The full listing should be written out verbatim, and its images should be dropped.

### Information provided
╭──

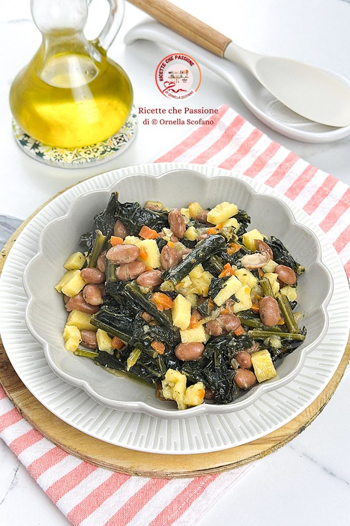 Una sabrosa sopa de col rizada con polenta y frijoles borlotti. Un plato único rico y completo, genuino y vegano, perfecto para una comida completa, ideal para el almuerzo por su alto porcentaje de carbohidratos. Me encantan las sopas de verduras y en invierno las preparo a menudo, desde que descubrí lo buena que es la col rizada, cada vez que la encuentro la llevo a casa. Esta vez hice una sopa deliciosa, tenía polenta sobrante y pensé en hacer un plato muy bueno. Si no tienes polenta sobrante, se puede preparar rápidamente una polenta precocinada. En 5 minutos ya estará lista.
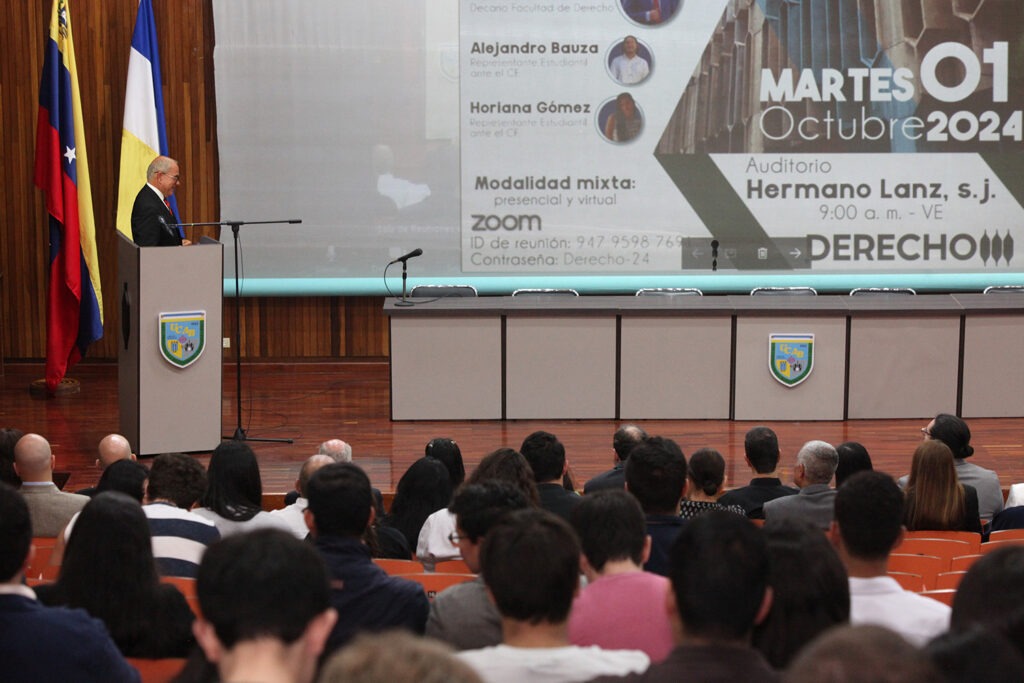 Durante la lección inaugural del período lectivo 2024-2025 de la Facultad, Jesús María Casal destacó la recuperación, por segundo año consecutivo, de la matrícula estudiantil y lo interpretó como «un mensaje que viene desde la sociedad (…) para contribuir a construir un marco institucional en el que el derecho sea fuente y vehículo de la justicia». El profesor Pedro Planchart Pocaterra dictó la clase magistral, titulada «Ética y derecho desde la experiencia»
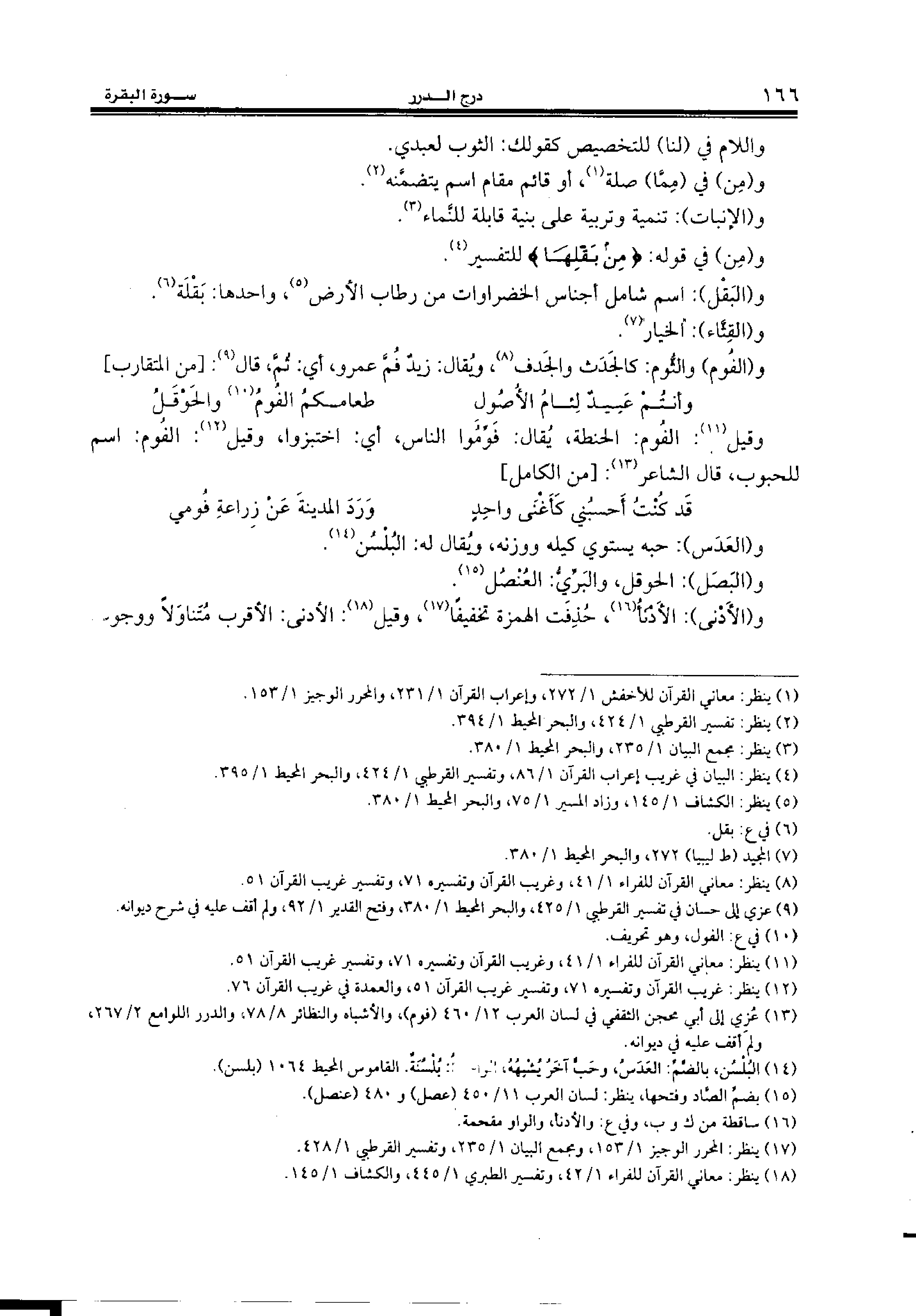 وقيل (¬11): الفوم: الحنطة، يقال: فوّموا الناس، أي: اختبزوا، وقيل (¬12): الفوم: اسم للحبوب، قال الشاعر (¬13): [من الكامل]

╰──

### Task result
 Una sabrosa sopa de col rizada con polenta y frijoles borlotti. Un plato único rico y completo, genuino y vegano, perfecto para una comida completa, ideal para el almuerzo por su alto porcentaje de carbohidratos. Me encantan las sopas de verduras y en invierno las preparo a menudo, desde que descubrí lo buena que es la col rizada, cada vez que la encuentro la llevo a casa. Esta vez hice una sopa deliciosa, tenía polenta sobrante y pensé en hacer un plato muy bueno. Si no tienes polenta sobrante, se puede preparar rápidamente una polenta precocinada. En 5 minutos ya estará lista.
 Durante la lección inaugural del período lectivo 2024-2025 de la Facultad, Jesús María Casal destacó la recuperación, por segundo año consecutivo, de la matrícula estudiantil y lo interpretó como «un mensaje que viene desde la sociedad (…) para contribuir a construir un marco institucional en el que el derecho sea fuente y vehículo de la justicia». El profesor Pedro Planchart Pocaterra dictó la clase magistral, titulada «Ética y derecho desde la experiencia»
 وقيل (¬11): الفوم: الحنطة، يقال: فوّموا الناس، أي: اختبزوا، وقيل (¬12): الفوم: اسم للحبوب، قال الشاعر (¬13): [من الكامل]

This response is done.